Console sluggish or frozen during agent approval process
I was working with a large customer last week, and found some very interesting performance metrics which impact console sessions. This particular customer pushes the limits of Operations Manager 2007 in every way. They have 6000+ agents in a single Management Group, and have an average of 50 concurrent console sessions at any given point in time. Achieving these limits was a work in progress over several months, but eventually we got there.
However, there was one very curious point of failure, where connected console sessions would become extremely sluggish or even freeze for a period of ~10 minutes. It was something that eluded us for quite some time, until last week.
If you are familiar with KB956240, you know that this hotfix updates the Operations Manager 2007 Data Abstraction Layer component (Microsoft.mom.dataaccesslayer.dll). Although KB956240 helps reduce the performance impact that the types configuration changes mentioned in the article will produce, there has been no change to the underlying configuration update process in Operations Manager 2007.
The good news
This configuration update process has been changed in Operations Manager 2007 R2. This change will also be included in the Post SP1 Rollup. In R2 and Post SP1 Rollup, Management Group configuration updates that occur during certain types of configuration changes will not produce such a performance impact.
Am I affected by this issue?
It depends on the number of agents in your Management Group, how heavily your company employs the console (concurrent connections), and how long it takes for configuration updates to reach agents in your environment.

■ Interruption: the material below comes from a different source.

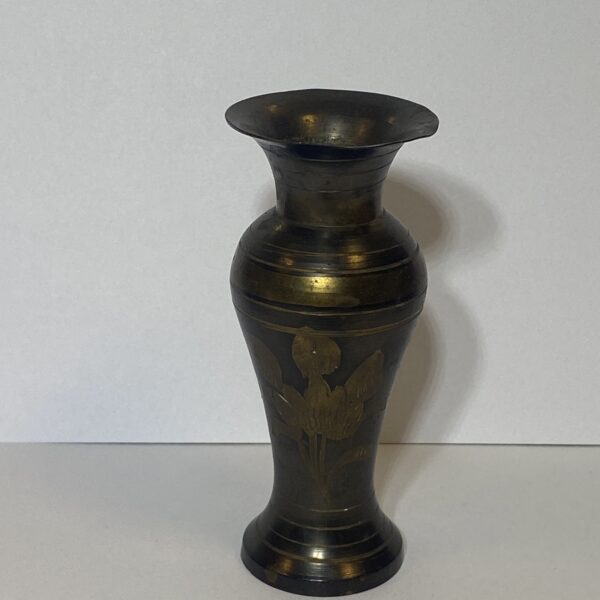 Antik mini réz váza, oldalán virág díszítéssel. Képen látható.

If you’ve got 6000 agents in your MG, you likely have a dynamic environment in which new servers (agents) are deployed regularly, and expired or failed servers (agents) are decommissioned on a regular basis. You are likely affected by this issue.
If your administrators are always in the console, you’ll likely have some complaints that the console became extremely slow or maybe even froze for a duration of ~10 minutes. You are likely affected by this issue.
If your Root Management Server and/or OperationsManager database server cannot handle the “bursty” type of traffic and transactions that configuration updates produce, or if there is significant network latency effecting the time it take configuration updates to reach your agent population, you are likely affected by this issue.
Although each of the abovementioned conditions are true, every Management Group is affected by this issue. It’s really a matter of how frequently you are affected, and to what degree your environment will be impacted.
What can I do now?
From what I’ve observed in the field, the biggest performance impact is produced from approving agents. The only guidance I could give to help reduce the impact, at least during peak times where having poor console performance isn’t an option, is to schedule agent approval during times in which you know will not impact your console users quite as much.
One thing to note
Whether a single agent is approved, or a batch of 200 agents are approved, the same configuration update process is initiated. If there are multiple agents waiting to be approved, select each agent and approve all at the same time. Or, use an agent approval script that batches agent approval.
If you have auto-approval turned on (indicated below in yellow), unfortunately there is no way to control the approval process.